We only use biological cultural, mechanical and bio-chemical controls and only those products approved for use on organic farms. We consider a pest to be any plant, animal, insect, bacteria, virus or fungus causing disease that interferes with the plants we grow on our farm, damages our homes or other structures, or impacts our and/or our animals health and well being. Our IPM focuses on long- term prevention. By paying attention and researching the environmental factors affecting a pest, we tailor our plan to create unfavorable conditions and reduce the possibility of future outbreaks. This goes to the very heart of how we operate the farm, as our IMP Plan does not seek to eradicate the pest but rather by using the least harmful (to ourselves, other farm life andour customers) option we reduce the pest pressure to an acceptable level.

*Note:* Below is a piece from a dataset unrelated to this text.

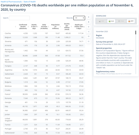 Mert te az elmult 7 napra szurtel a fenti kep meg a November otodikei allapotot mutatta. De hatodikan is 100+ halottunk van, szoval a te szuresed is romlani fog. Nem vagyunk vilagelsok, a cseheknel tobben halnak meg, de ezt a kepet en is csak igy talaltam. Azoknal az orszagoknal, aznap rosszabbul altunk.
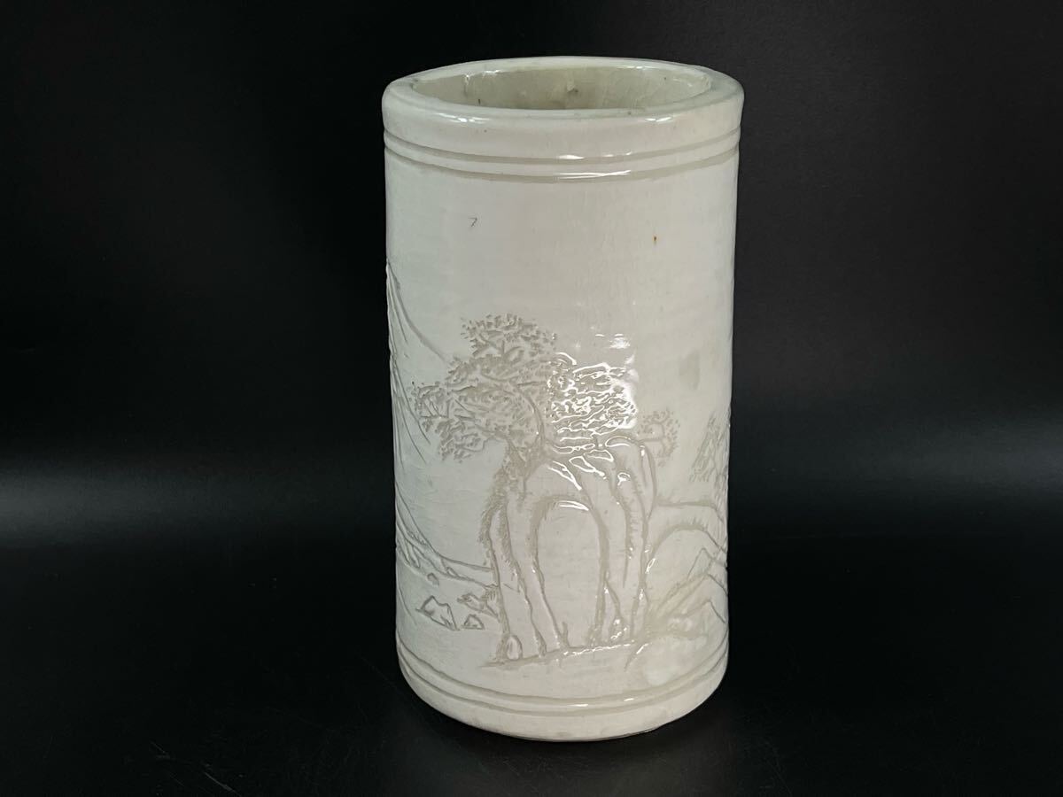 - 韓国美術 李朝 筆筒 白磁 陰刻雲龍紋 筆立 書道具 文房具【博圓】高16.3cm

5. Develop sustainable post harvest practices

We engage in a number of practices to make our harvest of the things we grow as efficient as possible. We begin by quickly harvesting ripe or in some cases pre-ripe produce and rapidly removing field heat that hastens spoilage. We have a dedicated wash area that we can quickly clean applicable produce. We have designed our produce storage to operate at minimal electrical draw as compared to conventional refrigeration. We reduce overall food waste, which is estimated by the USDA at $160 billion dollars or about 35% of the available food supply by coordinating our availability with the local food bank. We developed our on-farm market and expanding what we offer to pull customers onto the farm versus pushing our produce off the farm. We use only recyclable and/or compostable packaging. Whatever waste we do generate on the farm we compost.

We use the farm as our farmers market and other than providing food to a handful of restaurants we only sell through the farm. Market gardening is growing better, in lieu of bigger and our model uses the entire farm to produce value – making the farm work for us as opposed to us working for the farm. The farm and our commitment to sustainable agriculture is the real thing of value not what we produce as you can get a tomato anywhere. You can only get a Sweet Hill Farm tomato here.

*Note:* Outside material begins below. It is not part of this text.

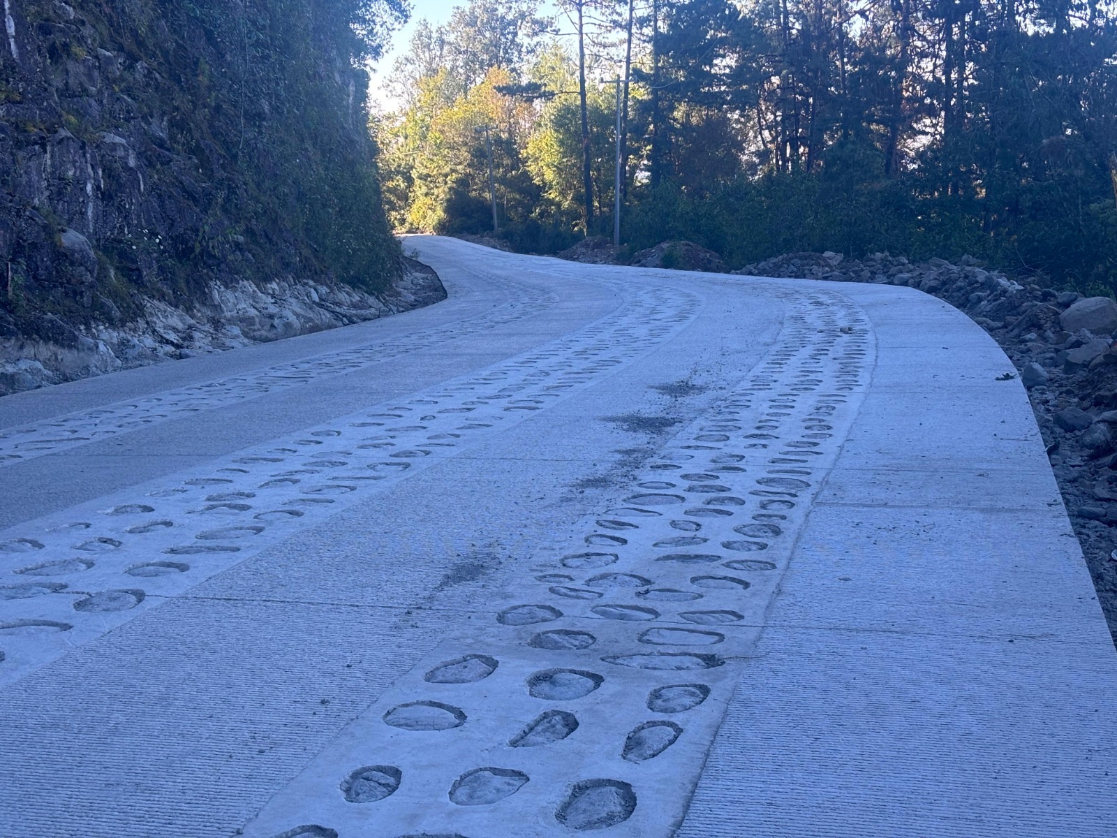 Los trabajos que se realizan son, excavación en corte, extracción de derrumbes y terraplén, cunetas de sección triangular, lavaderos, bordillos y limpieza de alcantarillas, base hidráulica, losa de concreto ciclópeo y losa de concreto hidráulico.

Lastly, the USDA standards outline a variety of necessities for creating and maintaining an organic agricultural system. These include methods for farmers to preserve natural resources and biodiversity, support animal health and welfare, use only approved materials, and pass regular onsite inspections and certification requirements.

We are not yet a USDA certified organic farm but that is certainly in our future. We believed that an immediate pursuit of organic certification was imprudent given our lack of experience with farming in general and this farm in particular – we needed to walk before we could run. While we have adopted organic practices we are not a USDA certified organic farm.

Similar to our investments in our, orchard, our berry fields and our hops the economic benefits from converting to organic farm production systems will not be visible for several years yet we remain committed to pursuing USDA organic certification.